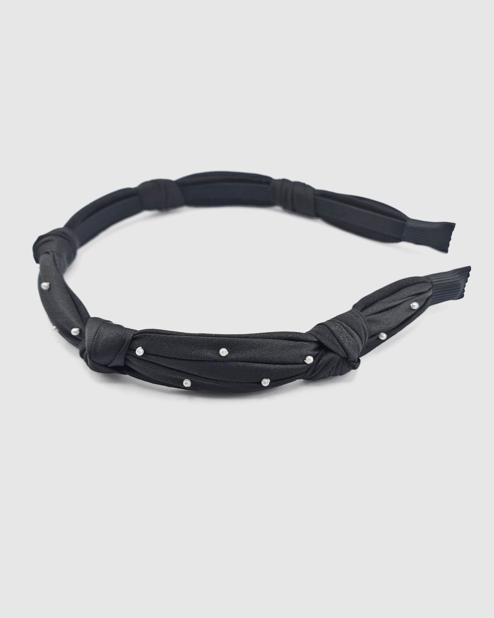 The Zoey Pearl Headband is crafted with comfort in mind, making it ideal for day-to-night stylingâfrom casual brunches to special occasions. The scattered pearl accents add a timeless touch, while the knotted fabric design creates a chic, on-trend silhouette.
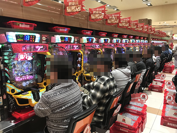 オープン直後は、「政宗2」や「押忍!サラリーマン番長」などが満台となり、「ぱちんこCR真・北斗無双」で遊技を始める姿もあった。
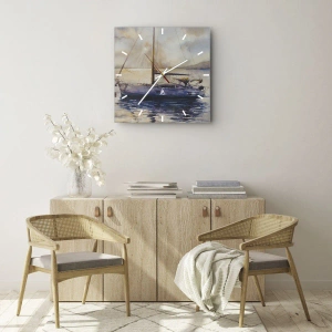 Wanduhr - Glasuhr - Eine Yacht auf dem Wasser bei Sonnenuntergang im Aquarellstil - 30x30cm - Abend in der Bucht - Moderne Wanddekoration für Wohnzimmer, Küche und Schlafzimmer ARTTOR
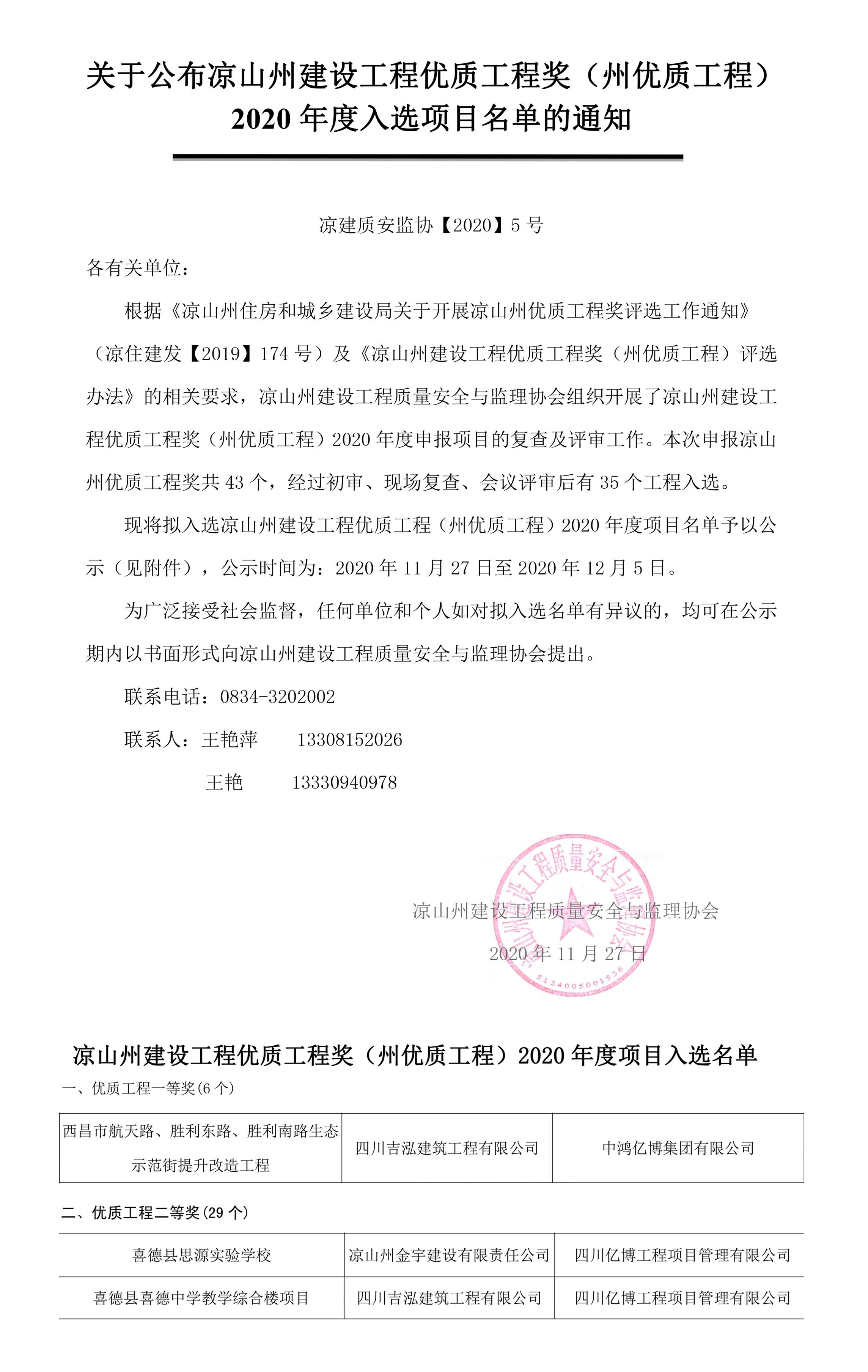 在經(jīng)歷了春的草長鶯飛,夏的綠樹成蔭,秋的瓜果飄香,集團(tuán)在銀裝素裹中迎來滿滿收獲。12月,2020年度涼山州建設(shè)工程優(yōu)質(zhì)工程獎(jiǎng)入選項(xiàng)目名單公布,通過嚴(yán)格評定,集團(tuán)承監(jiān)的3項(xiàng)工程 榮譽(yù)上榜!斬獲一等獎(jiǎng)一項(xiàng)、二等獎(jiǎng)兩項(xiàng)!

**TASK:** All that is wanted is the run of lines from the start of the material through the line that holds "オープン直後は、「政宗2」や", retyped exactly, with no pictures.

**PROBLEM SOLUTION:**
 The Zoey Pearl Headband is crafted with comfort in mind, making it ideal for day-to-night stylingâfrom casual brunches to special occasions. The scattered pearl accents add a timeless touch, while the knotted fabric design creates a chic, on-trend silhouette.
 オープン直後は、「政宗2」や「押忍!サラリーマン番長」などが満台となり、「ぱちんこCR真・北斗無双」で遊技を始める姿もあった。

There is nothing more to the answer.